-z argument with <!-- hidden and <style> tags in html

resume.robot
Posts: 68
Joined: Sat Jan 13, 2001 1:23 am

-z argument with <!-- hidden and <style> tags in html

Post by resume.robot »

I seem to be noticing entries with no body tag. When I visit the individual web pages, they seem to have a long <!-- hidden --> tag and a long <style> tag.

The gw spider is set to -z5000. Is this creating the issue?

Thanks
Mike Clark
robot@resumerobot.com
User avatar
mark
Site Admin
Posts: 5519
Joined: Tue Apr 25, 2000 6:56 pm

-z argument with <!-- hidden and <style> tags in html

Post by mark »

Do you mean no body *content*?
Is the html source of the page larger than your -z settings of 5000 bytes? If so you should receive a "truncated" message during the walk and the body content will only contain as much as was in the first 5000 bytes.
resume.robot
Posts: 68
Joined: Sat Jan 13, 2001 1:23 am

-z argument with <!-- hidden and <style> tags in html

Post by resume.robot »

Yes you are correct, the database entries for a few pages display no body content.
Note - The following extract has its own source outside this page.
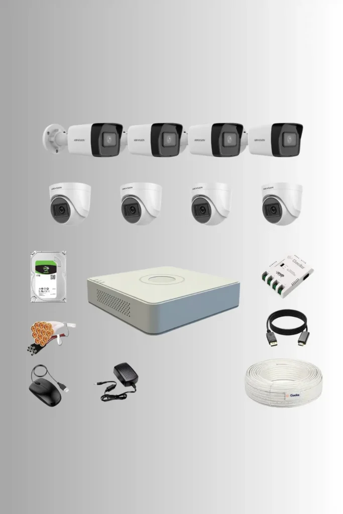 ✔ Complete 8-camera bundle — includes 4 Dome + 4 Bullet Cameras for full indoor + outdoor coverage.

I don't know what the log entries were for those pages. I do see truncated pages and log entries all the time, and for those entries the body content is the first 5000 characters, just like it's supposed to be.

Here are 3 of the urls in question
http://66.92.69.146/tomresume.htm
http://www.catadjuster.org/adjusters/joyce.html
http://www.hendrik-weber.de/vitae-e7_Delaware2.htm

On reviewing them, using view/source, they all have xml tags at the top, even though the pages have htm or html suffix. The pages seem to be created by microsoft word 9.
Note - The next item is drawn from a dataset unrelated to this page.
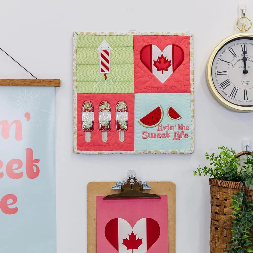 Create seasonal gifts and decor with Kimberbell Mini Quilts, Vol. 2: July-December! Made in 5×7 (and larger) hoops, each 12 x 12” mini quilt celebrates the second half of the year with darling techniques and beautiful blocks. Stitch each block on your embroidery machine, add optional background quilting*, and sew the blocks together on your sewing machine! From summer sun to festive fun, Kimberbell Mini Quilts are always in season. These designs comes on a disc.

Here is the gw string being used to populate the database

gw -d/db -noindex -a -r -O -fshtml -fasp -fcfm -t7 -z5000
User avatar
mark
Site Admin
Posts: 5519
Joined: Tue Apr 25, 2000 6:56 pm

-z argument with <!-- hidden and <style> tags in html

Post by mark »

As I suspected. There's no text in the first 5000 bytes of the html.
resume.robot
Posts: 68
Joined: Sat Jan 13, 2001 1:23 am

-z argument with <!-- hidden and <style> tags in html

Post by resume.robot »

Is there any way to exclude hidden tags from the text to be spidered, so that the limits apply only spider-able (visible) text characters?
User avatar
mark
Site Admin
Posts: 5519
Joined: Tue Apr 25, 2000 6:56 pm

-z argument with <!-- hidden and <style> tags in html

Post by mark »

No. The limit is on the downloaded size. It downloads the allowed amount, disconnects, then extracts the text from the page. The idea is to reduce bandwidth usage. You just need to download more across the board to accomodate such things. (Or tell your submitters not to put so much junk at the head of their files.)